**TRY IT:** The data below should be printed in full, exactly, and without any of its images.

**DATA EXCERPT:**
= = = = = = =

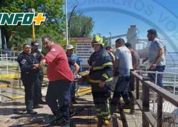 Un trabajador resbaló el pasado miércoles cuando caminaba por una pasarela a la vera del río Paraná y cayó al ...
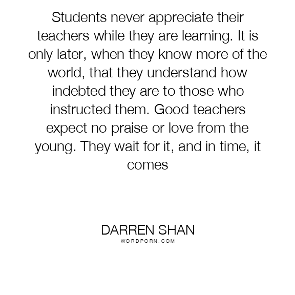 Students never appreciate their teachers while they are learning. It is only later, when they know more of the world, that they understand how indebted they are to those who instructed them. Good teachers expect no praise or love from the young. They wait for it, and in time, it comes
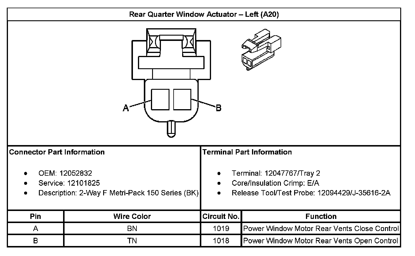 Rear Quarter Window Actuator - Left (With RPO Code A20):
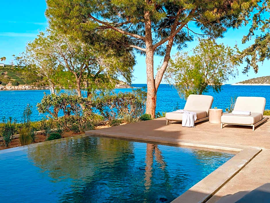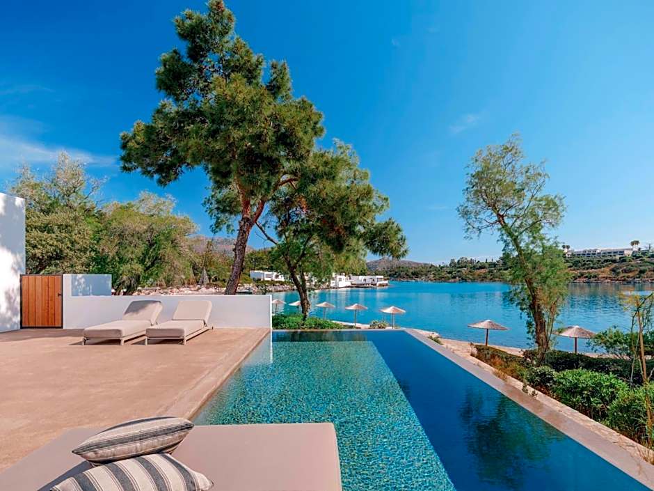 The one-and-only three bedroom villa with private pool is located right on the water’s edge, offering immediate access to the sparkling blue waters of the Mirabello Bay. Hosting up to 6 people, the villa consists of one master and two twin bedrooms with private dressing areas and private bathrooms with showers, a separate living room with dining table and sofas, plus a small, fully equipped kitchenette.

= = = = = = =

**SOLUTION BELOW:**
 Un trabajador resbaló el pasado miércoles cuando caminaba por una pasarela a la vera del río Paraná y cayó al ...
 Students never appreciate their teachers while they are learning. It is only later, when they know more of the world, that they understand how indebted they are to those who instructed them. Good teachers expect no praise or love from the young. They wait for it, and in time, it comes
 Rear Quarter Window Actuator - Left (With RPO Code A20):
 The one-and-only three bedroom villa with private pool is located right on the water’s edge, offering immediate access to the sparkling blue waters of the Mirabello Bay. Hosting up to 6 people, the villa consists of one master and two twin bedrooms with private dressing areas and private bathrooms with showers, a separate living room with dining table and sofas, plus a small, fully equipped kitchenette.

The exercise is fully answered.